Step 4: How Clients Use Your LLM API

Python

<?php

import requests

url = "http://127.0.0.1:8000/chat"
resp = requests.post(url, json={"prompt": "Tell me a joke"})
print(resp.json()["response"])

JavaScript

fetch("http://127.0.0.1:8000/chat", {
method: "POST",
headers: {"Content-Type": "application/json"},
body: JSON.stringify({ prompt: "Give me a motivational quote" })
})
.then(res => res.json())
.then(data => console.log(data.response));

Step 5: Testing the FastAPI LLM API in VSCode

Recommended VSCode Extensions:

  • Python – for running FastAPI and IntelliSense

  • REST Client – send .http requests directly from VSCode

  • Thunder Client – lightweight Postman alternative

  • Pylance – type checking and autocompletion

Example .http File for Quick Testing:

GET http://127.0.0.1:8000/chat?prompt=Hello

###

POST http://127.0.0.1:8000/chat
Content-Type: application/json

{
“prompt”: “Tell me a joke”
}


Step 6: Deploying Your LLM API to Production

  • Use caching for repeated prompts to reduce API costs.

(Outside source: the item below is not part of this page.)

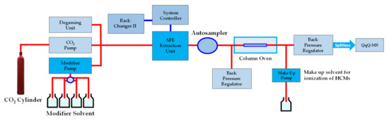 Schematic representation of the online supercritical fluid extraction–supercritical fluid chromatography–mass spectrometry (SFE-SFC-TQ-MS/MS).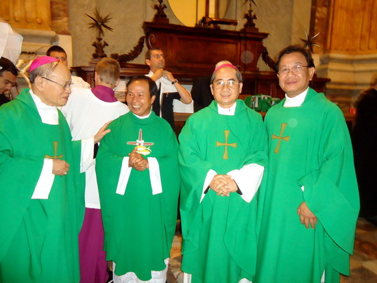 Thánh lễ đồng tế do Đức Giám mục Giuse Võ Đức Minh chủ tế, cùng đồng tế có 2 vị giám mục, Đức TGM Têphanô Nguyễn Như Thể, Đức TGM Gregory Aymond, Tổng Giáo phận New Orleans, Mỹ, và khoảng 15 linh mục người Việt và nước ngoài. Trong số các linh mục người Việt có cha Trần Đình Trọng từ Australia, cha Đỗ Quang Châu, Đức Ông Nguyễn Quang HT72 từ Mỹ, cha Nguyễn Huệ thuộc địa phận Xuân Lộc, cha Nguyễn Quốc Hùng và một số linh mục đang tu nghiệp và phục vụ tại Roma… Thánh lễ được cử hành hoàn toàn bằng tiếng Việt, trong khung cảnh trang nghiêm và sốt sáng.

  • Combine GET/POST endpoints for flexible client usage.

  • Always include health checks in production APIs.

  • Use FastAPI docs (/docs) for interactive client testing.

  • Share .http or Postman collections for plug-and-play API testing.

 

Step 7: Back Up Your Build LLM API with FastAPI and OpenAI to GitHub Using VSCode

Once you build LLM API with FastAPI and OpenAI, the next professional move is backing it up to GitHub. This protects your work, creates version history, and makes it easier to share your API with clients or collaborators.

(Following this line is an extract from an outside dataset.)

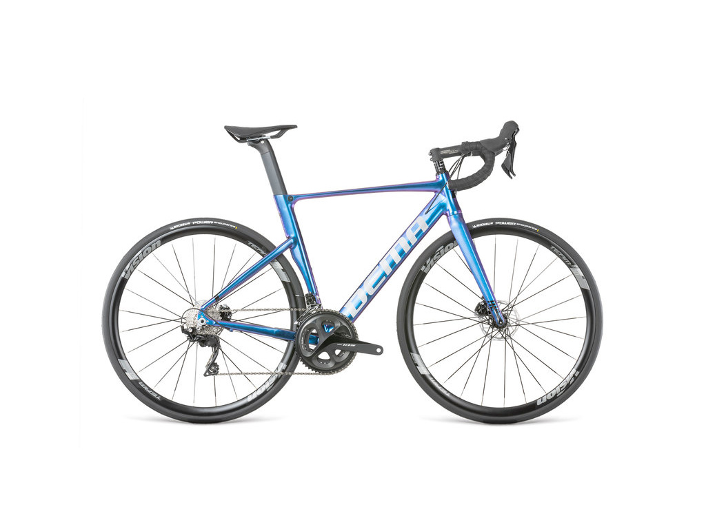 Dema Leony 8 je skvěle vybavené a přitom cenově dostupné silniční kolo. Hliníkový rám s karbonovou vidlicí v designu chameleon je osazen sadou Shimano 105 s kotoučovými brzami a zapletenými koly Vision se středně vysokým profilem ráfku.

1️⃣ Create .gitignore FIRST

Create a .gitignore file in your project root:

copy and paste the files to the gitignore file

venv/
.env
__pycache__/
*.pyc

Never upload your .env file or virtual environment. Your OpenAI API key should always stay private.

 


2️⃣ Initialize Git

git init

3️⃣ Add and Commit

git add .
git commit -m "Initial commit - FastAPI LLM API project"

4️⃣ Create GitHub Repository

Create repo on GitHub (leave it empty).


5️⃣ Connect and Push

git remote add origin https://github.com/YOUR_USERNAME/YOUR_REPO_NAME.git
git branch -M main
git push -u origin main

Now your FastAPI and OpenAI LLM API project is safely backed up and ready to showcase in your portfolio or share with clients.

 


Official Documentation to Build LLM API with FastAPI and OpenAI

When you build LLM API with FastAPI and OpenAI, relying on official documentation ensures your implementation follows best practices, stays secure, and remains production-ready. Be sure to reference the
FastAPI documentation
for framework guidance, the
OpenAI API documentation
for model integration, the
Pydantic documentation
for request validation, and the
Uvicorn ASGI server documentation
for running your application in development and production environments.

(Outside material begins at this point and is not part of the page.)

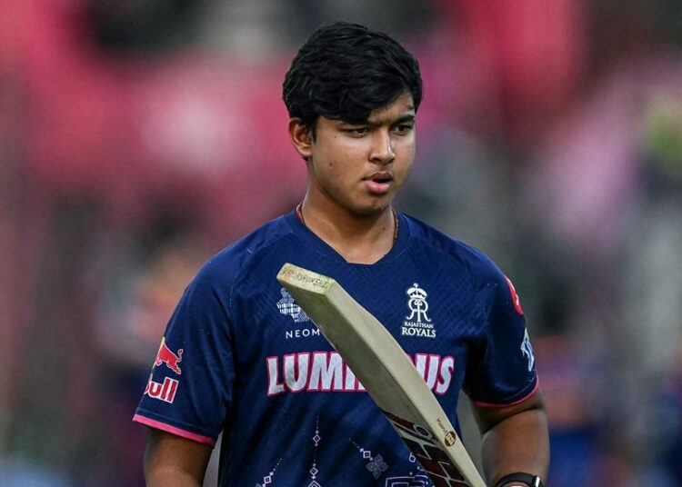 Photograph: Rajasthan Royals’ Vaibhav Suryavanshi warms up earlier than the beginning of the Indian Premier League (IPL) T20 cricket match between Rajasthan Royals and Mumbai Indians on the Sawai Mansingh Stadium in Jaipur on Might 1, 2025. (Credit score: AFP through Getty Photographs)

If you’re new to backend development, read my guide on Building REST APIs with Python.


✅ Conclusion

With this setup, you have a fully professional LLM API:

  • Async, cached, and ready for multiple clients

  • Flexible input methods (JSON POST + GET query)

  • Health check endpoint for monitoring

  • Interactive documentation and client-ready examples

You’re ready to ship your own AI API or let clients plug in immediately!